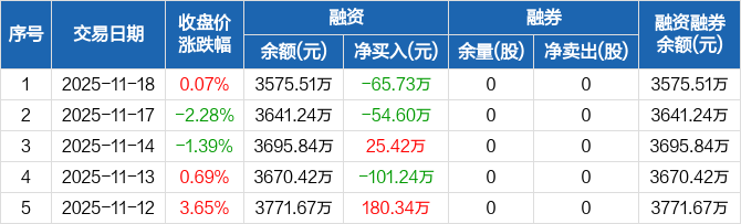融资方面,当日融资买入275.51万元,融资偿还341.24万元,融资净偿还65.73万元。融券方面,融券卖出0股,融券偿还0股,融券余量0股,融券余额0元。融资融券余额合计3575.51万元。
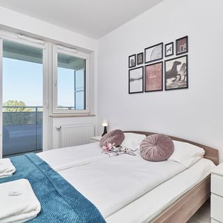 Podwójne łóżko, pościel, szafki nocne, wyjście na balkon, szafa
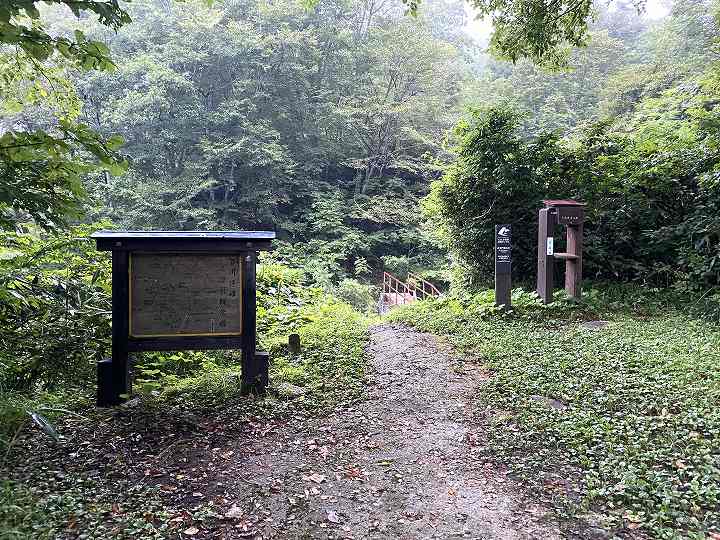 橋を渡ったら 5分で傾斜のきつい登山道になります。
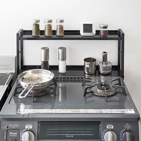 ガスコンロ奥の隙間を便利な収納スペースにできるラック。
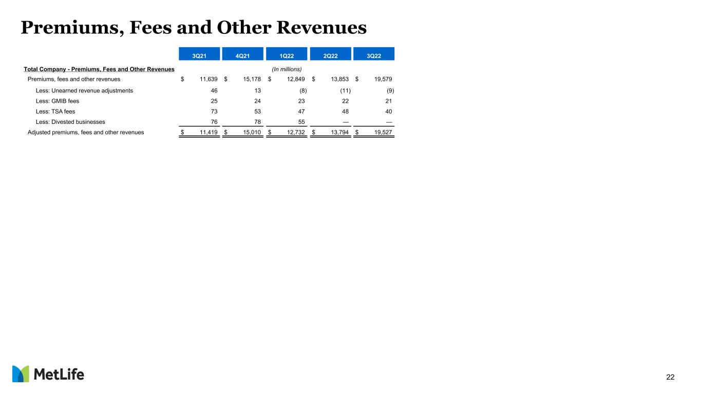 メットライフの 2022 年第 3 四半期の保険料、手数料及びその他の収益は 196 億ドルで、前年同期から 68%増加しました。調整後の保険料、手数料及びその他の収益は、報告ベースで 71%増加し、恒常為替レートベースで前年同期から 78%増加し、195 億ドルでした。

- - -

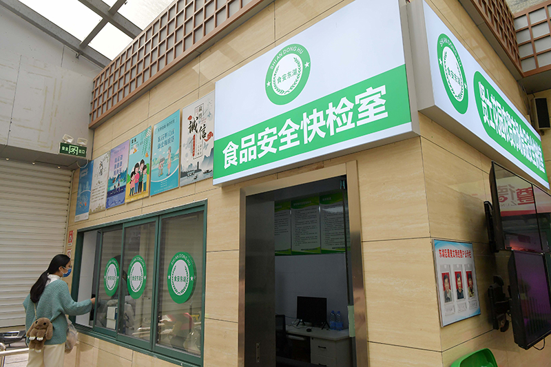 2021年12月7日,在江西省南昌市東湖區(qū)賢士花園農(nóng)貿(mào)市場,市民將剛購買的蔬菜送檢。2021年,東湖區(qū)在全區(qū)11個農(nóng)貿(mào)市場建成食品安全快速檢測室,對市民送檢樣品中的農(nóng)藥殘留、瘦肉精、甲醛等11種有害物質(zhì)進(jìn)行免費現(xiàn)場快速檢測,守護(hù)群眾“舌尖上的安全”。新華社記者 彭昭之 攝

- - -

[Assigned task]
Skipping the pictures, print the lines in the listing above exactly as written, starting at the line with "ガスコンロ奥の隙間を便利な収納スペースにできるラック。" and ending at the line with "メットライフの 2022 年第", both included.

[Answer space]
 ガスコンロ奥の隙間を便利な収納スペースにできるラック。
 メットライフの 2022 年第 3 四半期の保険料、手数料及びその他の収益は 196 億ドルで、前年同期から 68%増加しました。調整後の保険料、手数料及びその他の収益は、報告ベースで 71%増加し、恒常為替レートベースで前年同期から 78%増加し、195 億ドルでした。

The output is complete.